Enhancing Diagnostic Accuracy: A Hybrid Approach to Mitigate Speckle and Rician Noise in Medical Images

Abstract

This research explores the detrimental effects of Rician and speckle noise in medical imaging, particularly within MRI and radiographic modalities. Such noise can significantly obscure critical details, potentially leading to misdiagnoses and inaccurate measurements. Rician noise candidly dangles on the signal strength. Removing this noise affects the origial information in image that makes this noise removal perplexing. On other hand speckle noise is visualised like granular clog in ultrasound imageries. It creates ambiguous details and edges in the images. To address this challenge, the study introduces a novel hybrid method implemented in Java. The method employs a frequency-based decomposition approach for speckle noise and separates images into magnitude and phase components for Rician noise.
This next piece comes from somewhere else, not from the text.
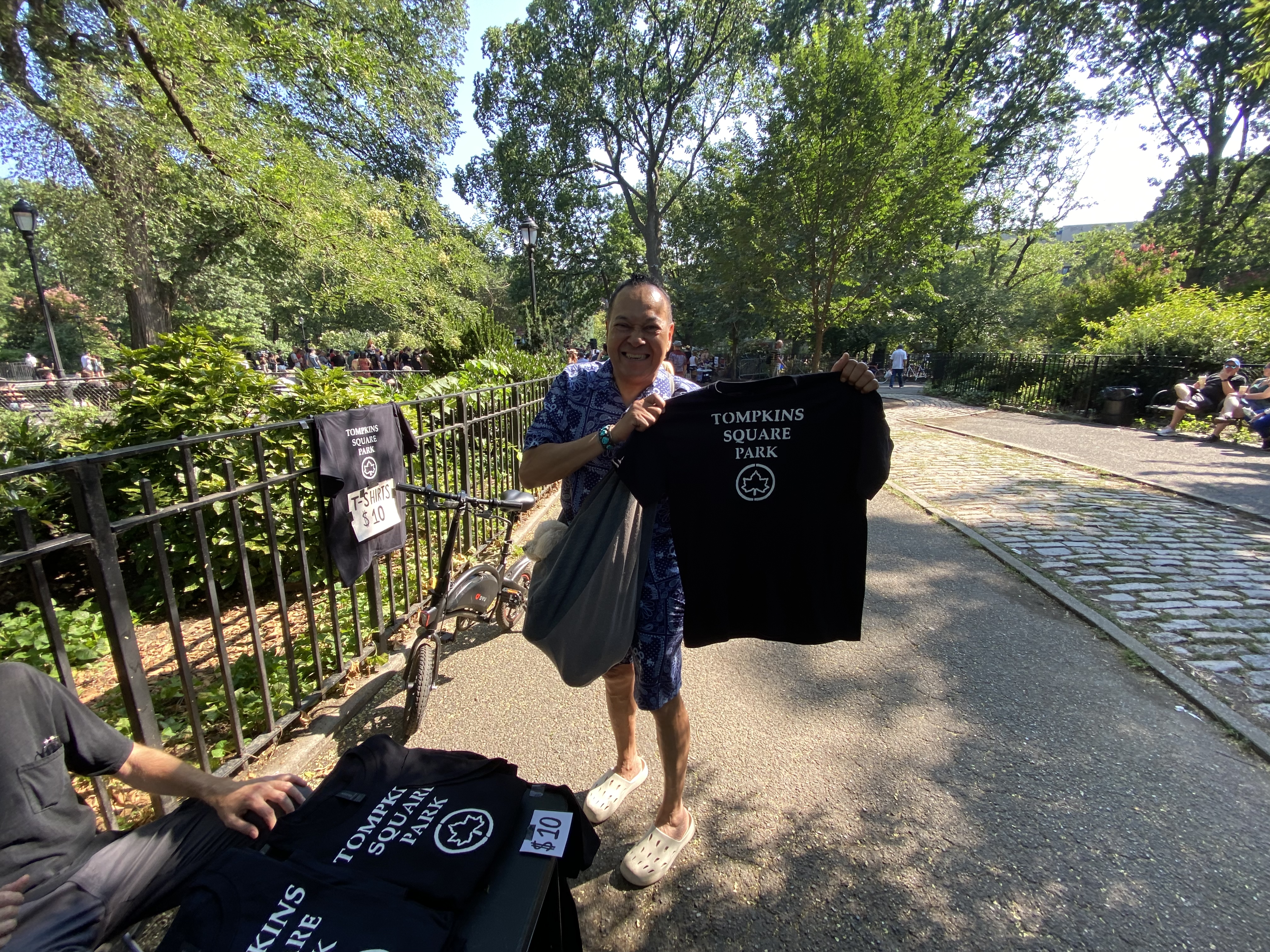 The New York City Parks Department has banned these Tompkins Square Park t – shirts because of the logo on them.

This allows for targeted filtering, utilizing customized versions of median and Gaussian filters, to effectively remove noise while preserving crucial image features. The proposed method was rigorously assessed using 200 contaminated brain and lung MRIs and radiographs, demonstrating superior performance compared to traditional filters based on crucial system of measurement like Peak Signal-to-Noise Ratio (PSNR), Structural Similarity Index (SSIM), and Mean Squared Error (MSE). This research presents a promising solution for enhancing the quality and reliability of medical images, potentially leading to improved diagnostic accuracy and patient outcomes.